Posted at 11:55 PM | Permalink | Comments (7)
My images of the decade. * Gus' images of the decade.
The "public option" will die because it was mislabelled. (Slate)
BLOODBATH IN AFGHANISTAN
BOMBS, IED, KILL 13 AMERICANS AND CANADIANS
U.S. AIRLINES FEAR POST-ATTEMPTED ATTACK DOWNTURN IN TRAFFIC | Still more security hassles. Airline industry already heading into another money-losing year, after losses almost every year this decade. Now comes still more elaborate passenger screening, three-hour delays to board planes. It's not fear of attacks, but annoyance with security hassles, that will drive traffic away. “I don’t think people book away because of fear,” an unnamed airline exec tells NYT yesterday. “I think they book away because of inconvenience. If it means three hours in line at an airport, they aren’t going to take their trips.” U.S.airline CEOs fear encore of post-9/11 drop in traffic. * Canadian travelers, by contrast, are sanguine. Travelers are intrepid, says Canadian travel agent, and will take that sunspot vacation hell or high water * Obama pressed to have U.S. emulate Holland - point of departure for would-be Christmas Day bomber - and Nigeria, bomber's native country, in imposing full-body scanner use at America's 500-plus airports.

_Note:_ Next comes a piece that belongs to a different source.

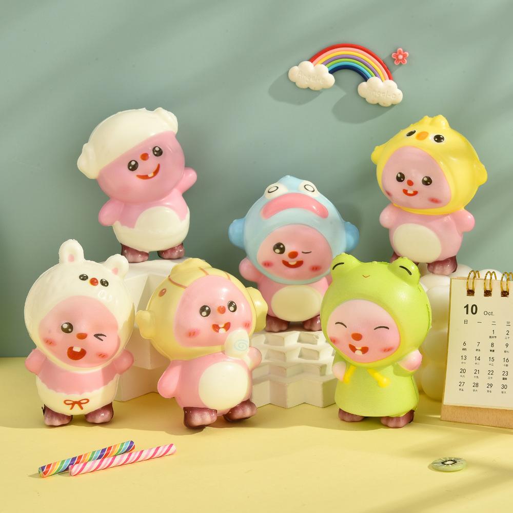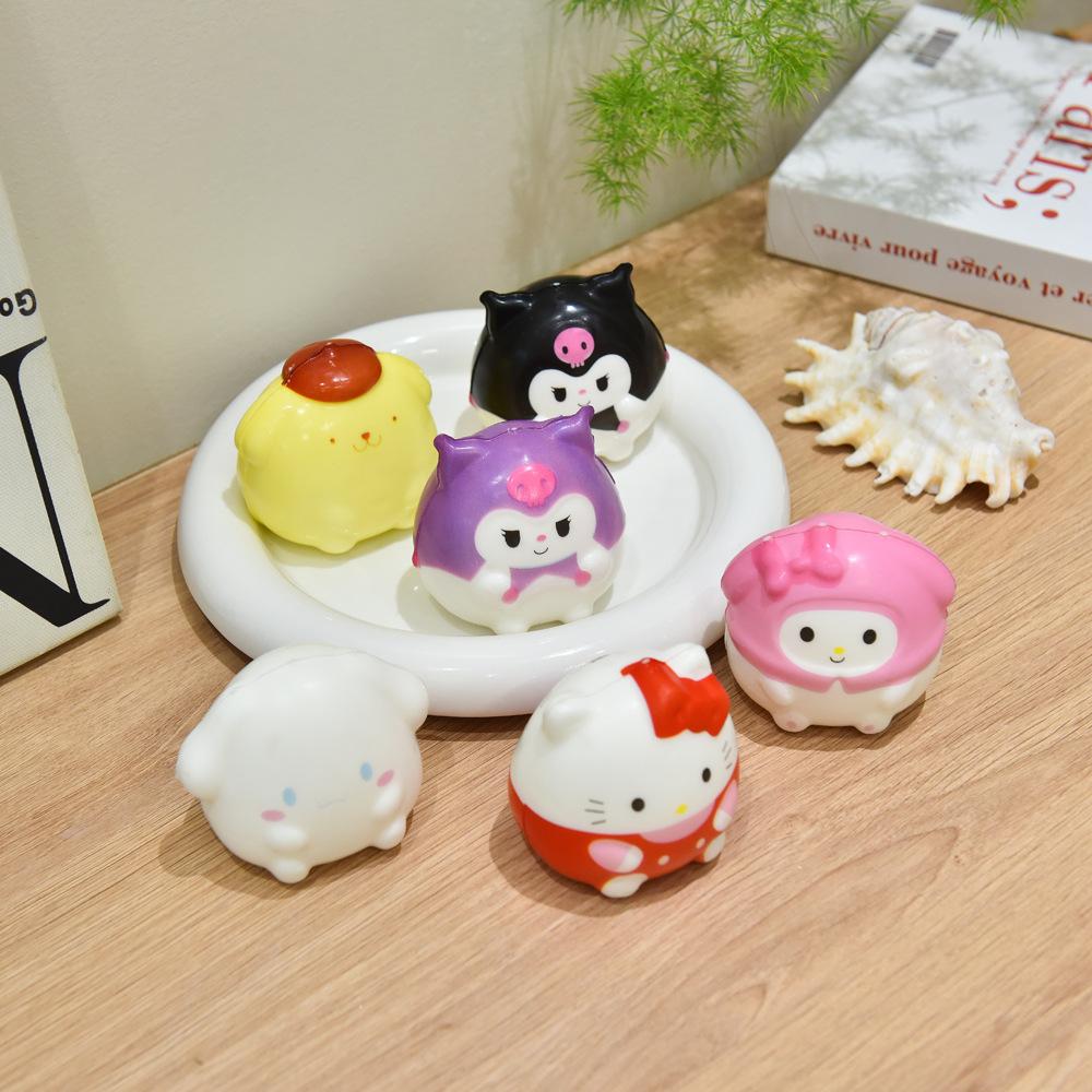 Boneca Musical Amassadora de Ovos Sanrio Fofa Boba Reação Lenta Urso Morango Crayon Shin Chan Brinquedo de Ventilação Descompressão

U.S. SECURITY SCREW-UP | As with 9/11, lots of advance warning, failure to connect dots. NYT reports in detail on numerous security and intel agencies with heads-up about would-be Detroit aircraft bomber, scraps of information here and there adding up to trouble - but no one, including the security clearinghouse set up for this very purpose in 2004 - tut all the info together. Read this and weep. There'd be no need for elaborate screening of the 99.99% of passengers posing zero threat if the army of intel agencies could get their act together.
INFLATION SCARE | U.S. businesses and consumers equally fear curse of inflation. Raft of recent surveys show that expectations of high inflation once recession ebbs is widespread. Based on fears of consequences of U.S. spending on stimulus and cost of restoring bank stability. Goldbugs, for whom gold is the classic inflation hedge, are feasting on prospect of runaway inflation. Google reports record number of users doing searches on "hyper-inflation." My conviction is that this is an over-reaction. Boom in infrastructure spending - on new N.A. power grid and high-speed passenger train network, among other necessary work - will create next economic boom, generating income-tax revenues to eradicate the admittedly scary, record $1.2 trillion U.S, current-year deficit. Also, the trillions provided by Fed and other central bankers to rescue financial institutions are loans, many already paid back (with a profit!), and guarantees have not been called. The stimulus, spent on alternative-energy R&D, retrofitting homes of offices for better fuel efficiency, replacing Civil War-era schoolhouses, and modernizing highways and bridges - will create tax-paying jobs in short- to medium-term and in long run make 21st century America more productive and globally competitive.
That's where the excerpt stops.